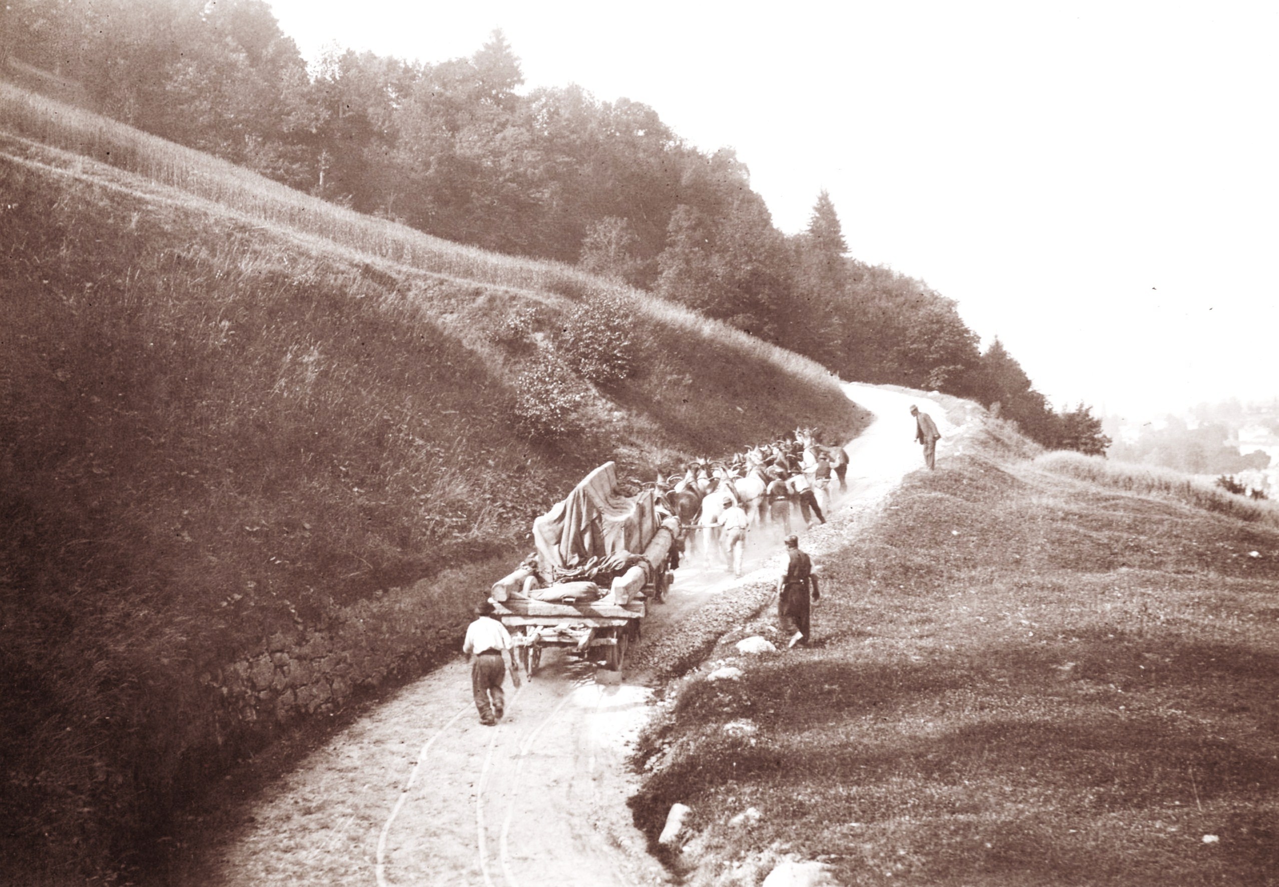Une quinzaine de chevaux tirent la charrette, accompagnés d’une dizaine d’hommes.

==

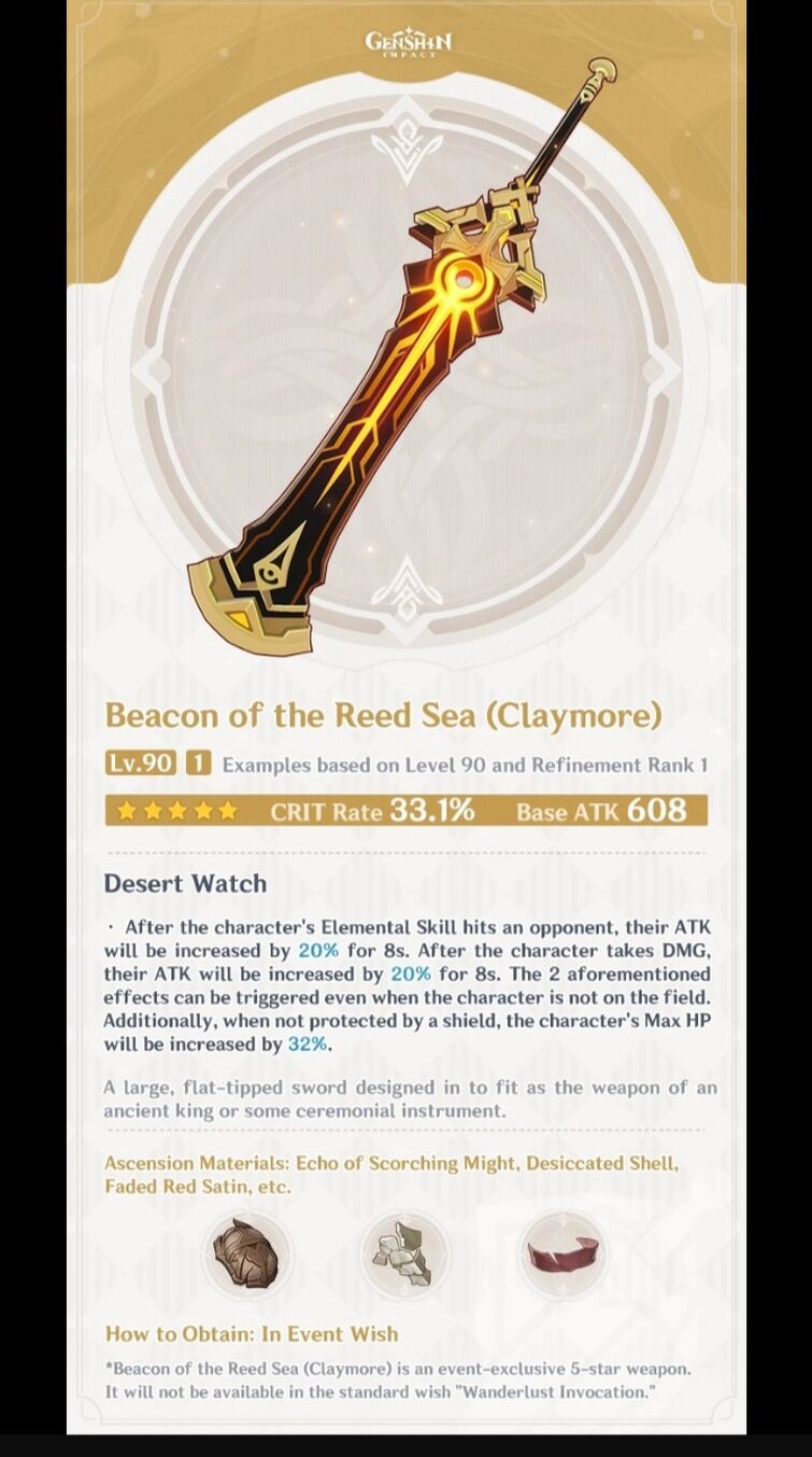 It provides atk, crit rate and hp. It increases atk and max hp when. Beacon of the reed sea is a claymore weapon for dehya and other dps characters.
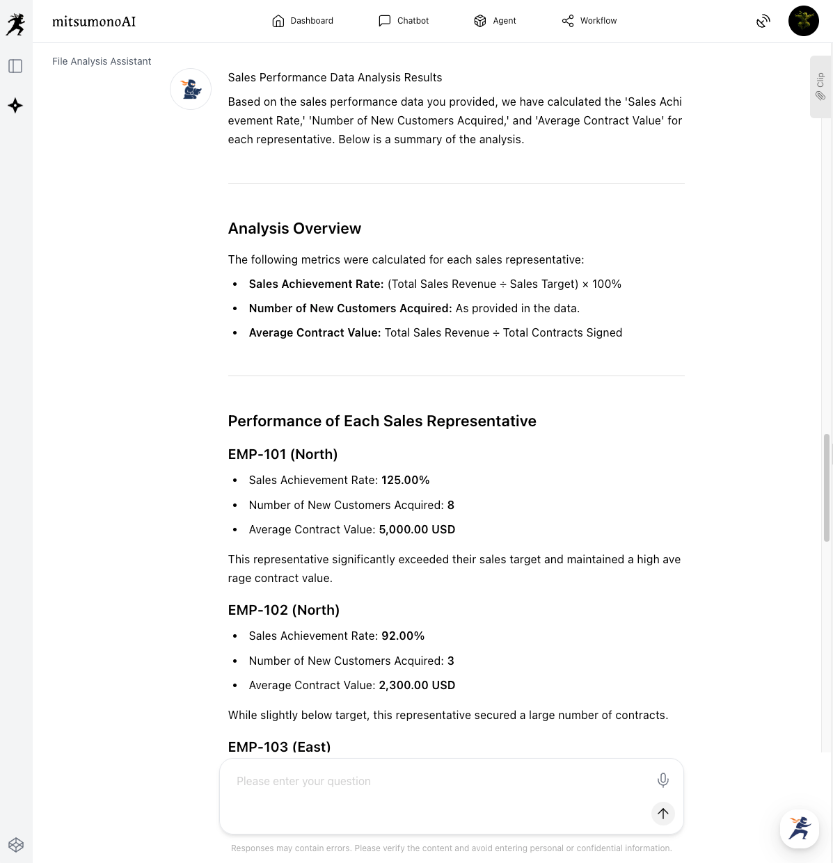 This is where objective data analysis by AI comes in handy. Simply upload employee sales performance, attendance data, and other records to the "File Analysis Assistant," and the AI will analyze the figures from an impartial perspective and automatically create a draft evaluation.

What to do.
Above are the records; please give again, exactly and in full, only the lines that run from the line with "It provides atk, crit" through the line with "This is where", with no pictures.

Solved exercise.
 It provides atk, crit rate and hp. It increases atk and max hp when. Beacon of the reed sea is a claymore weapon for dehya and other dps characters.
 This is where objective data analysis by AI comes in handy. Simply upload employee sales performance, attendance data, and other records to the "File Analysis Assistant," and the AI will analyze the figures from an impartial perspective and automatically create a draft evaluation.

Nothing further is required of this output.